第665回番組審議会 6月19日(金)開催
〔出席委員〕 |
〔当社側出席者〕 |
審議課題
『コロナ禍の中で気になるテレビ番組と、新型コロナウイルスと共生する時代にテレビに期待されるもの』
委員の主な発言
- 春の新ドラマがなかなか始まらなかったが、一方で見逃していたドラマの再放送を思いがけず見ることができうれしかった。最近では、未公開映像や副音声の裏話など工夫もある。
- 警報を発する部分は必要だが、最後には人々を元気づけるものが欲しい。再放送が増える中で、『ポツンと一軒家』や『探偵!ナイトスクープ』などが、アーカイブ映像だけで終わりではなく、現在の様子も伝えていたのが良かった。
- リモート出演とか、出演者同士の距離を置くとかを工夫して、感染防止の姿勢を視聴者に伝えることは意味があったと思う。
- 『おはよう朝日です』の「おきたらんど」のような、子ども向けコンテンツや子どもと大人が一緒に楽しめるコンテンツが、各局各番組で少しずつでも提供されていたことには救いを感じていた。
- 情報番組、ワイドショー関係の番組は、深刻で長丁場になっているコロナ問題に向き合うためには、これまでのような井戸端会議的な出演者や構成を、ある時点をもって再検討したほうが良かったと感じている。残念ながら感想レベルのことが多い。本当に視聴者が知りたい、もしくは知らせなければいけないのは、正確な情報だ。
- 累積感染者数を日々、報じることにどれほどの意味があるのか。人々が日常生活で頑張っていることを伝えるためには現在感染者数と新規の感染者数を報じるべきではないか。このことに限らず、報道関係者は受け手を思いやる視点が欠けているのではないかという印象を持った。
- 自粛生活の中でテレビの見方が大きく変わった。当初は、ずっとテレビをつけっ放しで毎日そこから情報を取っていたが、だんだん気持ちも暗くなるし、どの番組も似たようなことばかりに感じ、初めて有料ネット配信番組を見だしたら、それが本当に楽しくて、今は映画やドラマなどをネットで見ている。一方で地上波のテレビに求めるものは、やはり生のニュースでこれはネットには置き換えられない。
- スタジオで収録が難しいということもあって、リモート出演とか再放送が多かったと思うが、再放送であっても番組によっては神回と呼ばれるものもあり面白く見られることもあった。
- 世の中が変化する今、長年変わらない大物タレントがMCを務め続けているのは、安定感はあるが、価値観のアップデートがされにくくて、社会を牽引するというよりも過去に浸っているかのように見える。ただ、情報のアップデートをかけるのは簡単だが、価値観のアップデートをかけるのは難しい。
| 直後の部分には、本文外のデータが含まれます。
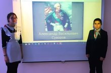 В честь 290-летия Суворова А.В. в школе прошли различные мероприятия. Учитель истории Закиров И.З. провел тематические уроки, где рассмотрели со старшеклассниками жизнь и воинские достижения А.В. Суворова, определили, как его победы повышали военное и политическое влияние Российского государства в мире. Учитель истории в своем выступлении познакомил ребят с воинским искусством А.В. Суворова. На примере отдельных сражений ученики рассмотрели стратегию и тактику, которые применял полководец. Также учитель рассказал ребятам, в чем заключалась идея учения Суворова – сформировать у офицеров и нижних чинов русской армии общечеловеческие и военные качества, которые необходимы для защитника Отечества, а также соблюдать уважительное, но вместе с тем строгое отношение к солдату.

- 人によって生活様式の違いが非常にクリアになった。簡単にいうとテレビを見る習慣がある人とテレビをそもそも見ない人では全く違う時間を過ごしている。今回はテレビを見る習慣のない人は全く見なくても済んでいる。今後、テレビから離れた人をテレビに戻すことが必要なのかどうか。
- 何曜日の何時にテレビの前にいるというのがもともとテレビの本質だったはずで、録画して適当なときに見るというのは、ほぼ通信のコンテンツ提供と変わらない。ある時間でしか見られない、この時に見逃したら二度と再放送もないだろうというのが、テレビには大事だと思う。
- 自粛期間中ずっとテレビを見ていた。見ているうちに、同じことばかり繰り返しているから飽きるが、「これは、今までにやらなかったことだな」と、気がついたことがいくつかあった。リモート出演もその一つで、バーチャルの背景などもあり新しいスタジオの作り方ができると感じた。
- よく第2波に備えてとコロナ対策の検証をやっているが、それと同じことでテレビ番組の検証もやらなければならない。この番組をやって良かったんだろうかとか、この撮り方は間違っていなかったんだろうかというのは、絶対やらなければいけない。
- 改めてテレビは、視聴者に寄り添うメディアであってほしいと思う。人々を元気づける、ほっこりさせる、テレビの役割にはそういうものがある。
朝日放送テレビから
- 新型コロナウイルスで多くの人の生活が変わってしまった。世界的な問題でいつ元に戻るか分からないという状況で、人々もかなり心が痛んでいると思う。テレビに対する思いとか見方も変わってくる。視聴者の思いや感覚とずれないようにしっかりとやっていきたい。
- テレビがSNSと違うところは、情報の発信元としてしっかり責任を持ってやるということ。今回、いろいろ工夫したり、やってみてうまくいかなかったりとか、さまざまあると思う。何が良かったか悪かったかということをしっかり検証していく。